Task instructions: Working through the data below, reproduce word for word the line with "Stropní svítidlo Artemis, 3x" and every line after it, both ends included, and omit the pictures.

Data provided:
%%
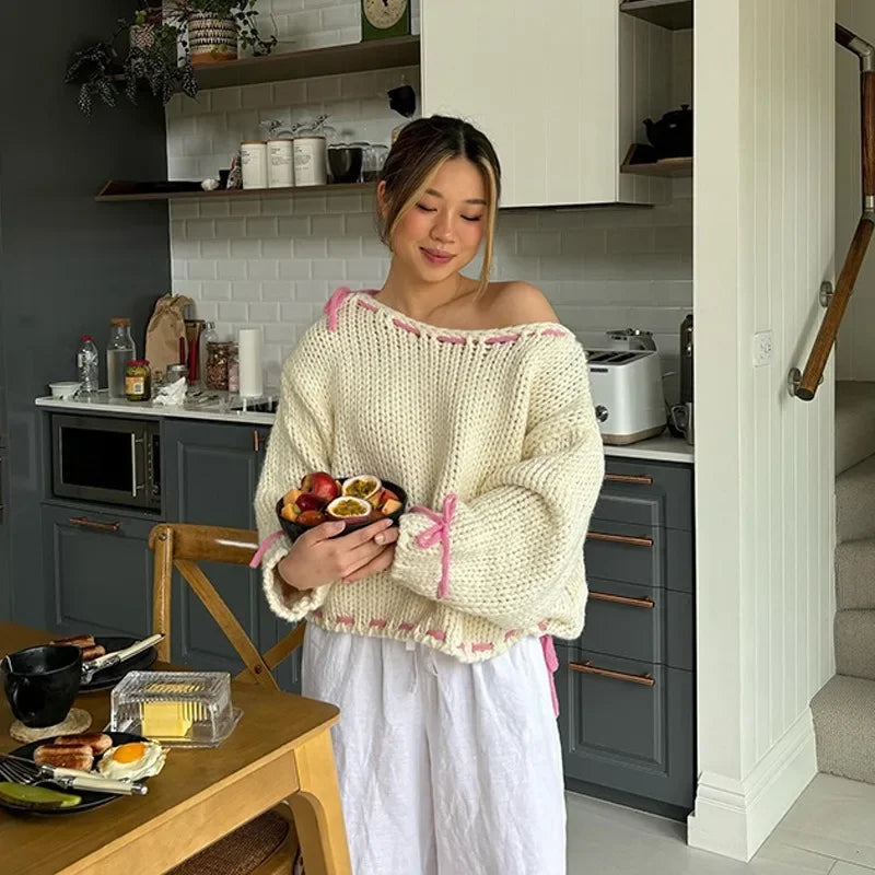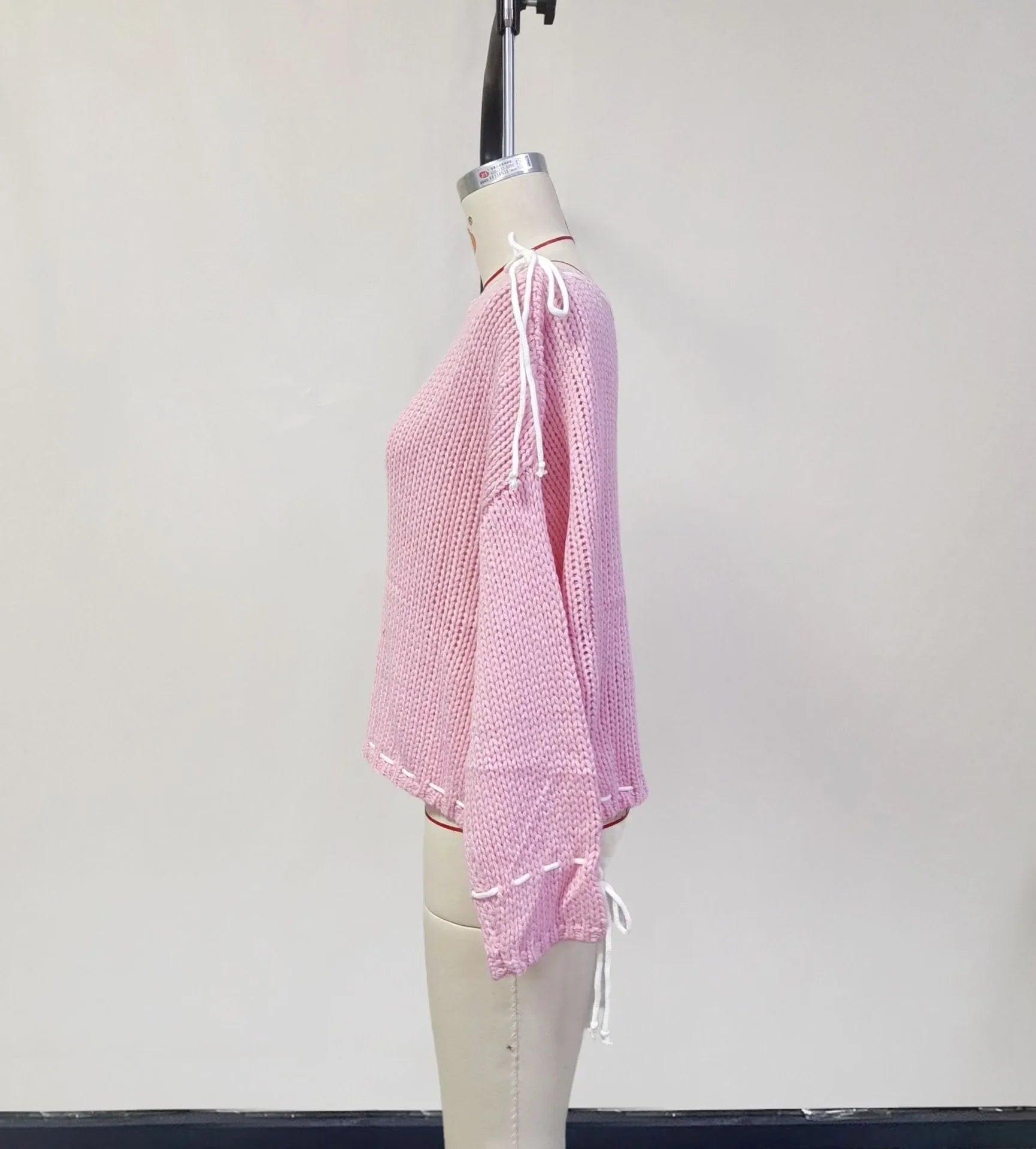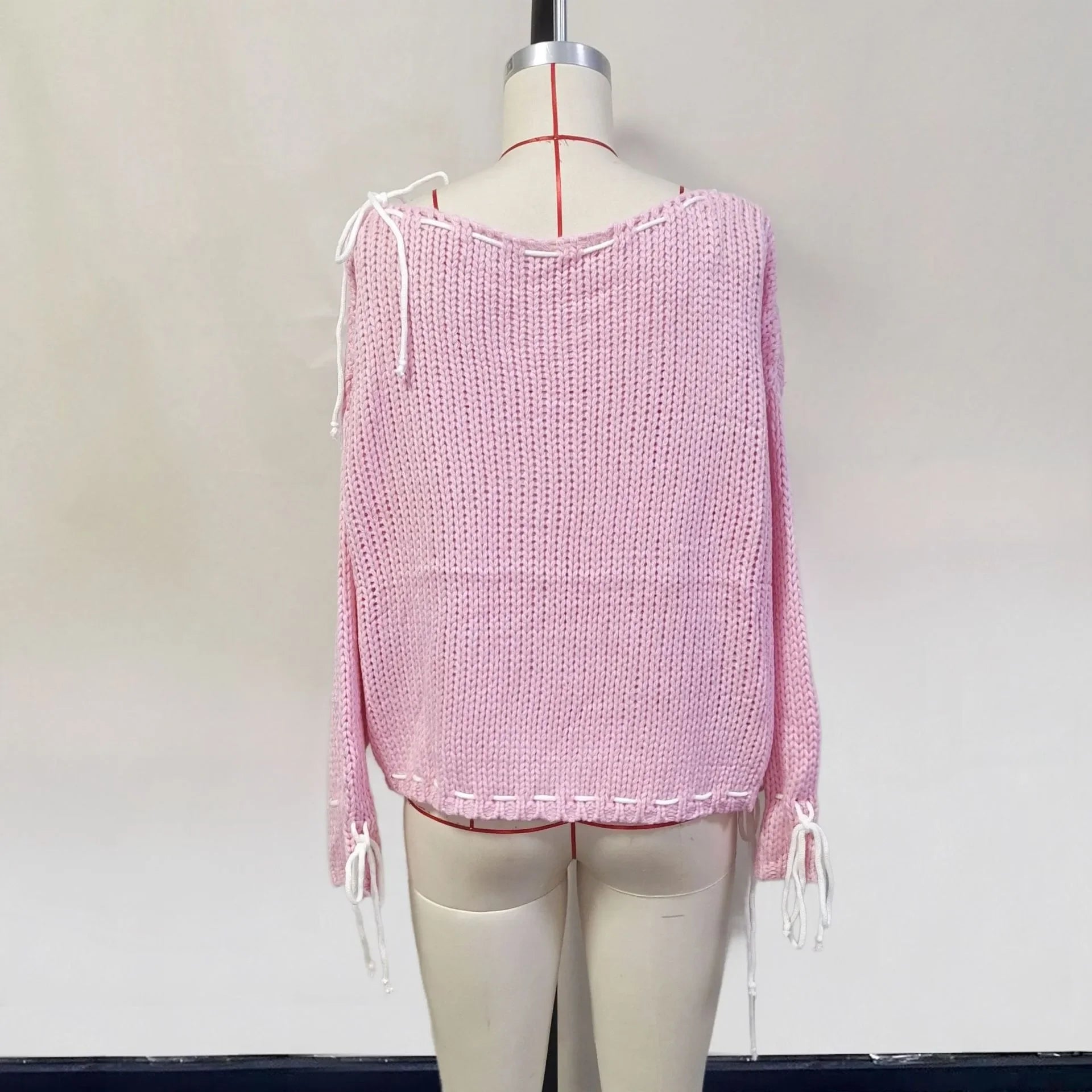 Pull tricoté à lacets pour femme, pull à manches longues, ample, à la mode, Y2K, nouvelle collection automne hiver 2024
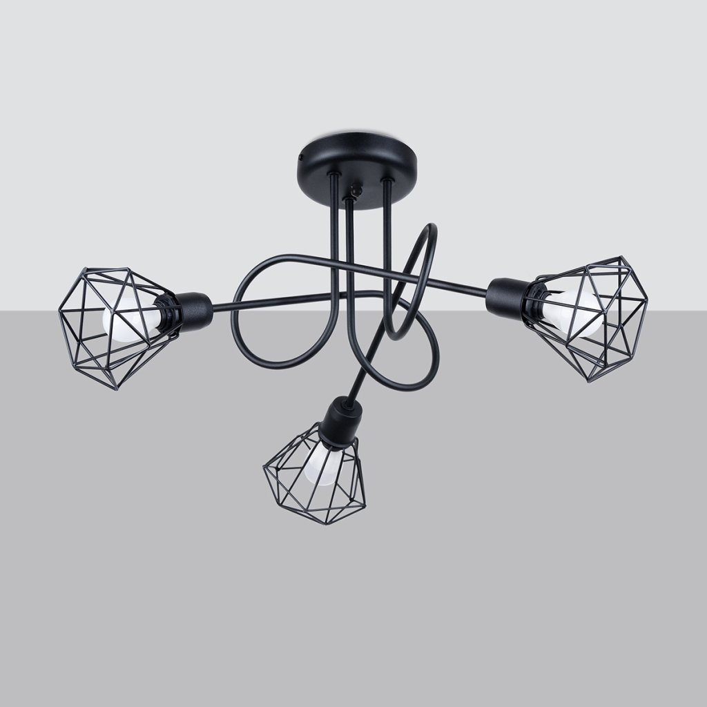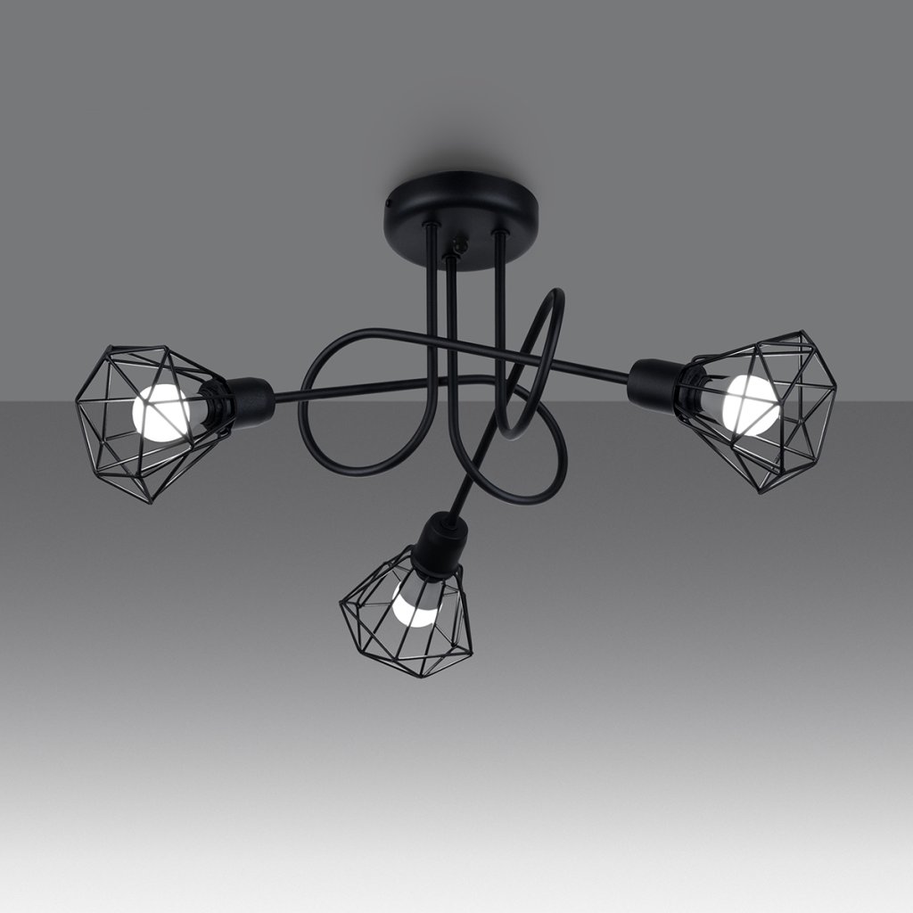 Stropní svítidlo Artemis, 3x černé drátěné stínítko
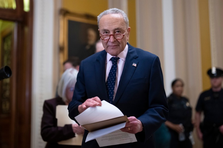 FILE – Senate Majority Leader Chuck Schumer, D-N.Y., arrives to talk to reporters at the Capitol in Washington, Tuesday, May 2, 2023. Facing the risk of a government default as soon as June 1, President Joe Biden has invited the top four congressional leaders to a White House meeting for talks on Tuesday, May 9. (AP Photo/J. Scott Applewhite, File)
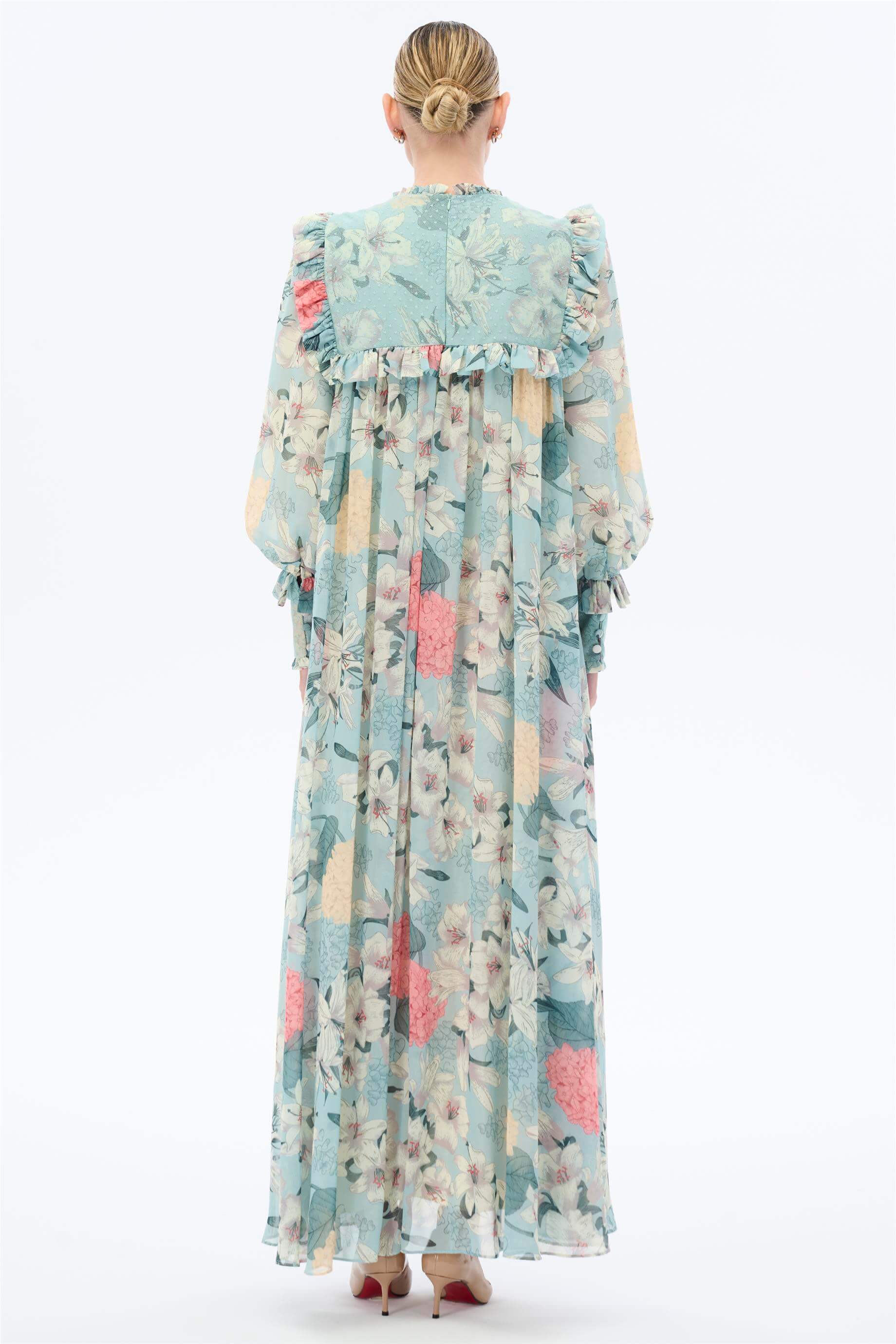A softly flowing maxi dress designed with a romantic floral composition and refined lace-textured yoke detailing. The gently gathered neckline, decorative yoke panel, and delicate ruffle trim create a feminine upper structure, while the loose silhouette falling from the yoke ensures airy movement and everyday comfort. Voluminous sleeves finished with layered cuffs enhance the graceful drape and balanced proportions.
%%
Solution for this problem:
 Stropní svítidlo Artemis, 3x černé drátěné stínítko
 FILE – Senate Majority Leader Chuck Schumer, D-N.Y., arrives to talk to reporters at the Capitol in Washington, Tuesday, May 2, 2023. Facing the risk of a government default as soon as June 1, President Joe Biden has invited the top four congressional leaders to a White House meeting for talks on Tuesday, May 9. (AP Photo/J. Scott Applewhite, File)
A softly flowing maxi dress designed with a romantic floral composition and refined lace-textured yoke detailing. The gently gathered neckline, decorative yoke panel, and delicate ruffle trim create a feminine upper structure, while the loose silhouette falling from the yoke ensures airy movement and everyday comfort. Voluminous sleeves finished with layered cuffs enhance the graceful drape and balanced proportions.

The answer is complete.